In use, OpenFlow controllers may deploy a modular system and a mechanism for modules to listen on OpenFlow events 332 such as PACKET_IN messages. Thus, the content management layer 320 may be implemented as a module or unit on a controller. The content management layer 320 may subscribe to PACKET_IN messages. When the content management layer 320 gets a packet, the content management layer 320 may extract metadata and then discard the packet. This architecture allows the controller side to have, when necessary, multiple content management layers chained together. In addition, the control plane 310 may send flows 334 to a switch implementing the forwarding plane 304, and the flows 334 set up rules for determining flow entries in one or more flow tables cached in the switch.
The legacy control plane 310 may comprise a flow pusher 312, a topology manager 314, a routing engine 316, and a dynamic traffic allocation engine 318. The content management layer 320 may comprise a content name manager 322, a cache manager 324, and a content metadata manager 326. The content metadata manager 326 may comprise a key-value store, which maps a content name (e.g., a globally unique content name) to some network-extracted metadata. As an example, content size or length is discussed herein as an examplary form of content metadata that is kept in the key-value store.
Modules in the content management layer 320 may fulfill various functionalities such as content identification, content naming, mapping content semantics to TCP/IP semantics, and managing content cashing policies. For example, content identification may use HTTP semantics, which indicates that, if a client in a network sends out an HTTP GET request to another device and receives an HTTP response, it may be conclude that the initial request was a content request which was satisfied by the content carried over HTTP (however, note that the response may be an error, in which case the request and its response may be ignored). Further, content identification may also be handled in a proxy, which may be directly responsible for connection management close to the client. The content management layer 320 may gather content information from the proxy which parses HTTP header to identify content.

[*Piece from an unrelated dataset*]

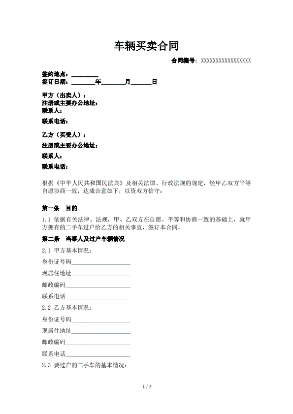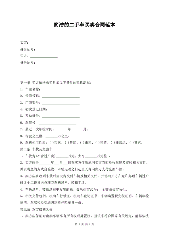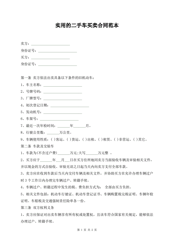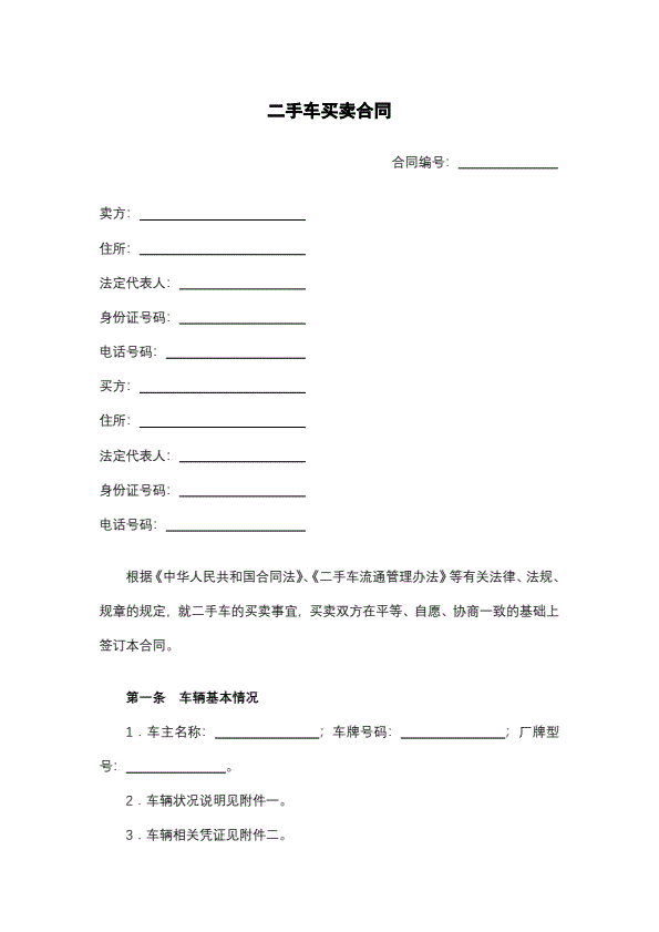 二手车买卖合同

There may be a number of caches and proxy nodes which can talk to an OpenFlow controller and announce their capabilities. Thus, the controller may decide to cache a content in a selected location (based on some optimization criteria). The proxy nodes may be configured to transparently demultiplex TCP connections between caches. In addition, some extra functionalities are described below.
To perform network resource allocation such as TE and firewalling by using content metadata (e.g., content length), content metadata first needs to be extracted. Two levels of extraction are discussed in this disclosure, with a first level at the network layer taking advantage of ICN semantics, and a second level going into the application layer.
In an embodiment, a network layer mechanism may be used to extract content length. Since a content may be uniquely identifiable in an ICN by its name, a controller (e.g., the controller 142) may recognize requests for a new content (that is, a content for which the controller holds no metadata in the key-value store). For the new content, the controller may set up a counter at a switch (e.g., an ingress switch) to count a size or length of a content flow. The controller may also instruct the flow to be stored in a cache, and may obtain the full object size from a memory footprint in the cache. Consequently, when the same content travels through the network later, a look-up to the key-value store may allow the controller to allocate resource based on the content size. Further, a content flow observed for the first time may be dynamically classified as an elephant flow or a mice flow based on a certain threshold, which may be determined by the controller. After classification, the content flow may be allocated with resources accordingly to optimize some constraints.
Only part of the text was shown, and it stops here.